§ Task goal:
The answer must consist solely of the lines below starting at the one containing "Set di 5 estrattori" and ending at the one containing "alte Ansichtskarte, gelaufen, rückseitig", repeated exactly, with both ends included and all pictures omitted.
Start of Block
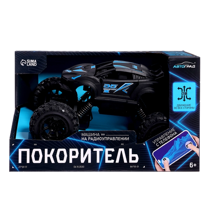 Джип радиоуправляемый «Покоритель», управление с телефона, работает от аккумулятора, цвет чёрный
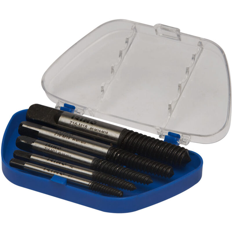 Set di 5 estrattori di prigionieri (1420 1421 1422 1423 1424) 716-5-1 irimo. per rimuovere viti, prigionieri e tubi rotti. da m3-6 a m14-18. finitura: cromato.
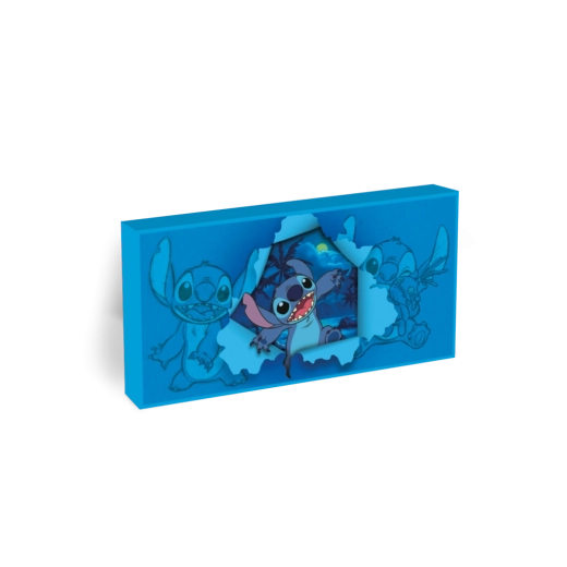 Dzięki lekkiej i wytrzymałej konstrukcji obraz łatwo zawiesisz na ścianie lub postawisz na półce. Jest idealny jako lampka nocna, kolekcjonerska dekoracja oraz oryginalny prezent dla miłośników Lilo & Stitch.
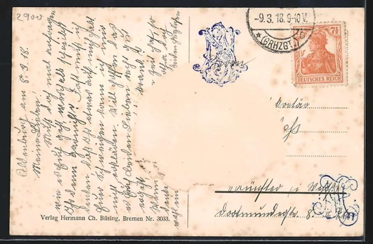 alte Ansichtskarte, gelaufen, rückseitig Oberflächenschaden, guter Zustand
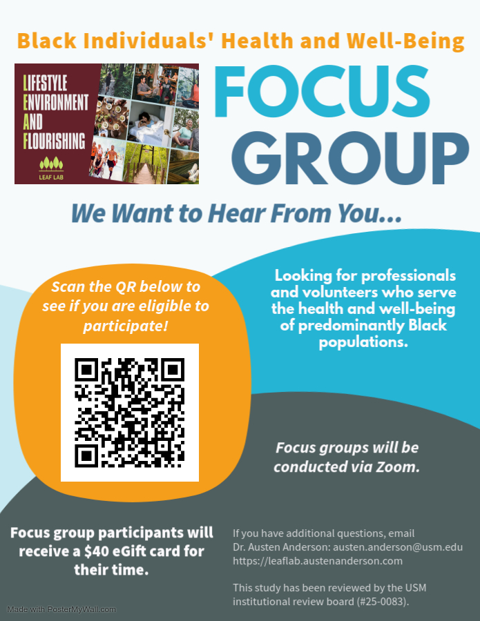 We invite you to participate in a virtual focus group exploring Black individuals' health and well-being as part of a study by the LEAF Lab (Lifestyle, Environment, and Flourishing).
End of Block
§ Exercise response:
 Set di 5 estrattori di prigionieri (1420 1421 1422 1423 1424) 716-5-1 irimo. per rimuovere viti, prigionieri e tubi rotti. da m3-6 a m14-18. finitura: cromato.
 Dzięki lekkiej i wytrzymałej konstrukcji obraz łatwo zawiesisz na ścianie lub postawisz na półce. Jest idealny jako lampka nocna, kolekcjonerska dekoracja oraz oryginalny prezent dla miłośników Lilo & Stitch.
 alte Ansichtskarte, gelaufen, rückseitig Oberflächenschaden, guter Zustand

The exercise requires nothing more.